Taxing of virtual assets has been fixed at 30% and it cannot be mentioned as a replacement of any other income. Payments made using digital assets will incur a charge of 1% TDS to keep transactions on track. This will in turn bring virtual assets under the government’s recognition and shift the government’s plan on banning private cryptocurrencies by many folds. Bitcoin, the most trusted cryptocurrency for trading will also be levied at a 30% tax rate. Thus, investors will be provided with the much-needed clarity for various cryptocurrencies.

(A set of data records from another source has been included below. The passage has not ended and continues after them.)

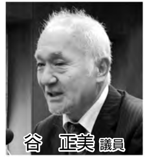
谷 正美 議員

問 後継者不足、高齢化が進む中、農業従事者をどのような施策をもって守っていくのか、持続可能な農業施策において具体的な取り組みを聞く。
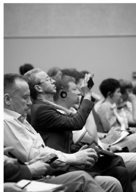
Рис. 8. Врачи «впитывают» знания.
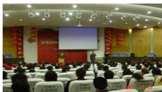
江西九江大型公开课现场
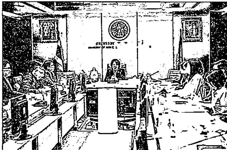
ประชุม : น.ส.ภัทราภรณ์ ไสเจอมะ รองปลัดกระทรวงเกษตรและสหกรณ์ ประชุมคณะทำงานปรับปรุงกระบวนการเพื่อเพิ่มประสิทธิภาพการช่วยเหลือเกษตรกรผู้ประสบภัยธรรมชาติ ด้วยวิธีการทางวิทยาศาสตร์ฯ ครั้งที่ 1/2567 เพื่อแลกเปลี่ยนแนวทาง วิธีการนำเทคโนโลยี สำรวจความเสียหายจากภัยพิบัติธรรมชาติ

ทั้งนี้ ที่ประชุมมีมติเห็นชอบให้ใช้รูปแบบระบบปฏิบัติการและแนวทางการที่ GISTDA ได้ทำการศึกษามาเบื้องต้นร่วมกับหน่วยงานในสังกัดกระทรวงเกษตรและสหกรณ์พิจารณารูปแบบการประเมินความเสียหายจากน้ำท่วม เพื่อเพิ่มประสิทธิภาพในการช่วยเหลือเกษตรกรให้สูงขึ้น และมอบหมายให้หน่วยงานส่งผู้แทนที่มีความเชี่ยวชาญทำงานร่วมกับ GISTDA เพื่อสนับสนุนข้อมูลเชิงพื้นที่ และข้อมูลที่เกี่ยวข้อง นำไปศึกษาทดลอง ความเป็นไปได้ในทางปฏิบัติ โดยจะเริ่มดำเนินงานในพื้นที่ร่องนาทดลอง พื้นที่ปลูกข้าวนาปี และผลไม้เศรษฐกิจมูลค่าสูง เพื่อตรวจสอบความแม่นยำในการยืนยันความเสียหายจากภัยพิบัติ เพื่อก่อให้เกิดความเชื่อมั่นของทั้งภาครัฐ เกษชน และเกษตรกร และจะเสนอต่อคณะทำงานในครั้งต่อไป
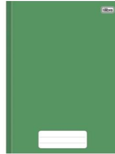
Caderno brochurão Capa Dura 40 ou 48 Folhas (vertical)
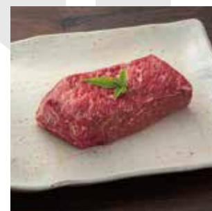
G08 赤城牛 モモブロック 300g
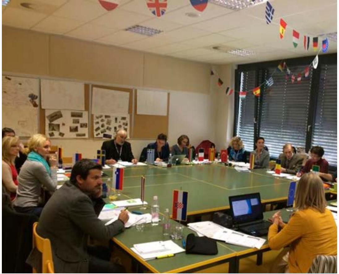
Slovenya'da yapılan proje toplantısından bir kare.

öğrencilerin meslek alanında ihtiyaç duydukları yabancı dil eksikliklerini gidermelerine büyük katkı sağlayacaktır. Öğrenciler bu programı cep telefonlarına da yükleyerek mesleki literatüre rahatlıkla ulaşabilecek, pratik yaparak bu dilleri öğrenebilecek ve gerekli bilgilere çok kısa zamanda ulaşabileceklerdir. Turizm sektörünün en büyük sorunlarından biri olan yabancı dil konuşabilen çalışan sorununa biraz da olsa çözüm getirmeyi amaçlayan bu programın ileriki zamanlarda daha fazla kişi tarafından kullanılması amaçlanmaktadır. Mayıs 2018 de yapılacak olan toplantıyla program, ilimizde turizm sektöründe faaliyet gösteren kuruluşlara, yabancı dil öğretmenlerine ve öğrencilere tanıtılacaktır.
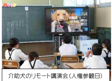
介助犬のリモート講演会(人権参観日)
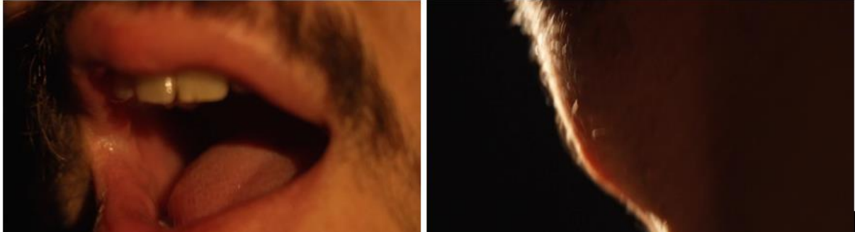
Figure 1. Gros plan sur la bouche et la glotte de l'acteur en train d'énoncer un texte poétique lors d'une sortie de résidence au bâtiment Turbulence d'Aix Marseille Université le 13 mars 2023.

En ce qui concerne la surface corporelle de l'acteur, un cadreur la filme de près, les images sont projetées en direct (Voir Figure 1 ). La projection dure environ quinze minutes. C'est un moment qui donne la parole au corps agi par la langue de Novarina tel que le filmage en témoigne.
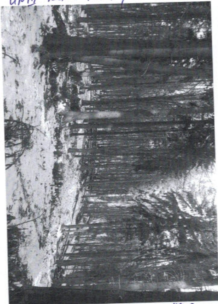
UP III Râul Mare UA 173 B
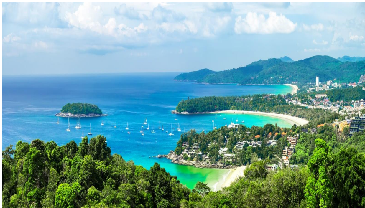
Рис. 2.1. Пхукет
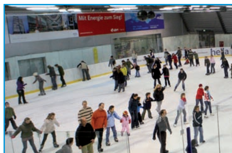
Eissporthalle im Volkspark S.05 Eislaufen am Wochenende
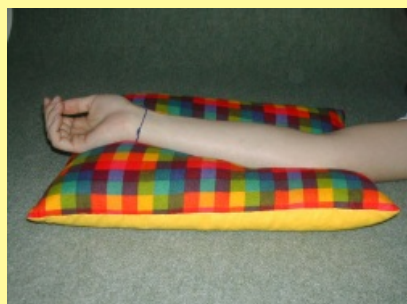
10.1.14.2 Polštář IV.
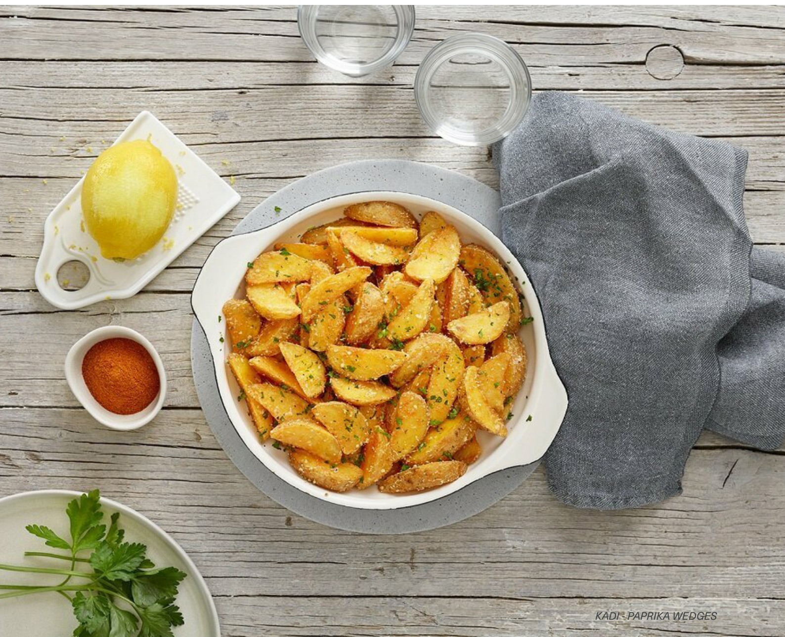
KADI - PAPRIKA WEDGES

Um diesen Qualitätsanspruch auch in Zukunft konsequent zu sichern, setzt KADI auf die Low-Code-Plattform engomo – als Schlüssel zur kontinuierlichen Digitalisierung und Optimierung der Prozesse und Abläufe in Fertigung und Lager.
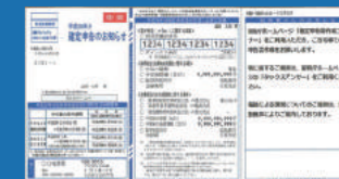
※「確定申告のお知らせ」はがきイメージです

用紙が必要な方は青色申告会にご用意しております。また、国税庁ホームページから様式をダウンロードできますのでご利用ください
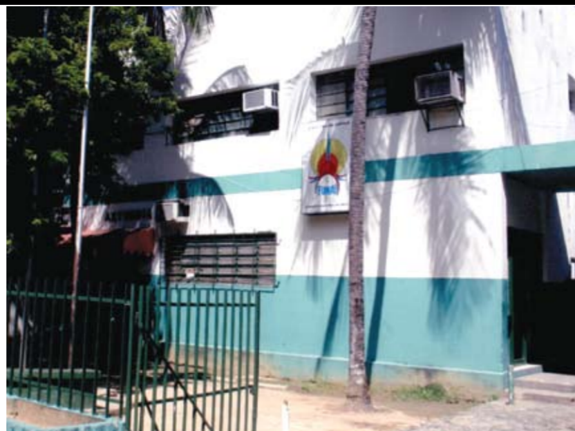
DESMONTE Com a reestruturação, o órgão no Estado foi esvaziado

Associada à luta do Sindsep e dos servidores da Funai, um dos fatores que podem ter contribuído para pressionar os deputados federais foi um manifesto elaborado por mais de 700 índios, durante o VIII Acampamento Terra Livre, realizado em Brasília, de 2 a 5 de maio. No texto, os índios afirmam que são contra a reestruturação da Funai, que viola os direitos indígenas, alegando que os processos de demarcação estão paralisados e as terras estão desprotegidas.
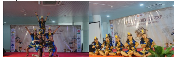
Gambar 4. Sanggar Tari Tradisional

Salah satu capaian utama kegiatan ini adalah tersedianya ruang ekspresi bagi pelaku seni dan komunitas budaya lokal. Melalui TELULIKUR Culture Fest, berbagai sanggar tari tradisional dan pelaku seni mendapatkan kesempatan untuk menampilkan karya mereka di hadapan publik yang lebih luas. Penampilan meliputi tari tradisional, tari kreasi, dan pertunjukan tunggal yang merepresentasikan kekayaan budaya daerah.
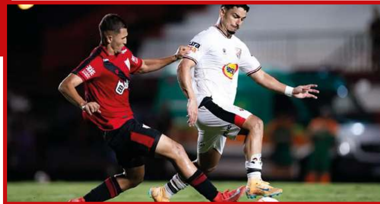
Heber Gomes/Mais Goiás

Do outro lado, o Anápolis também demorou a se achar, principalmente por vir com
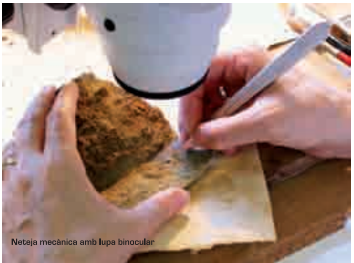
Neteja mecànica amb lupa binocular
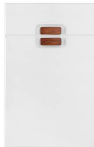
门型：GD-203 编号：CMA-503 暖白麻面
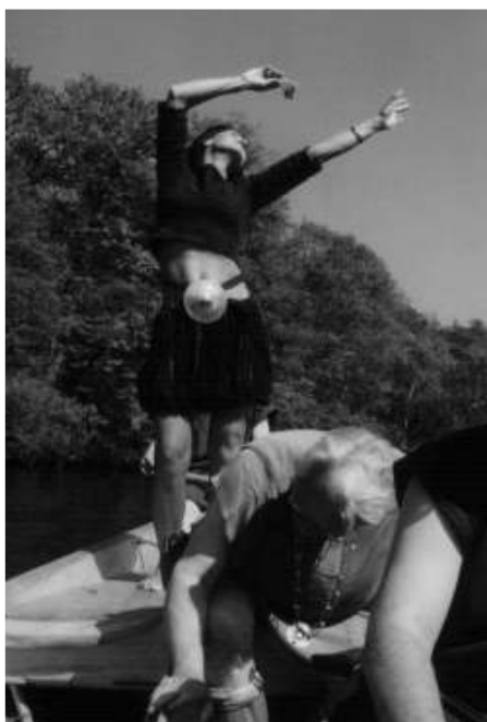
«Egtved-pigen» danser ombord på Tilia

The Economic Survey has analyzed some crucial aspects of the last year’s pandemic such as global liquidity measures, inflation and surging energy prices risking the economic structure. Thus, the stock of growing revenues to indicate the availability of fiscal space should be aided by additional support from our government. A recent survey will be on the verge of collecting information about the widespread vaccine coverage, gains from supply-side reforms and comfortable regulations with robust export growth will excel up the capital spending.
Sitharaman has also pointed out that the government has offered fiscal space through buoyant tax revenues to hold the country’s economy. Although the output in various intensive industries descended their growth rate below pre-pandemic levels, the macroeconomic strength will now buffer up the stresses by withdrawing such stimulus by global central banks.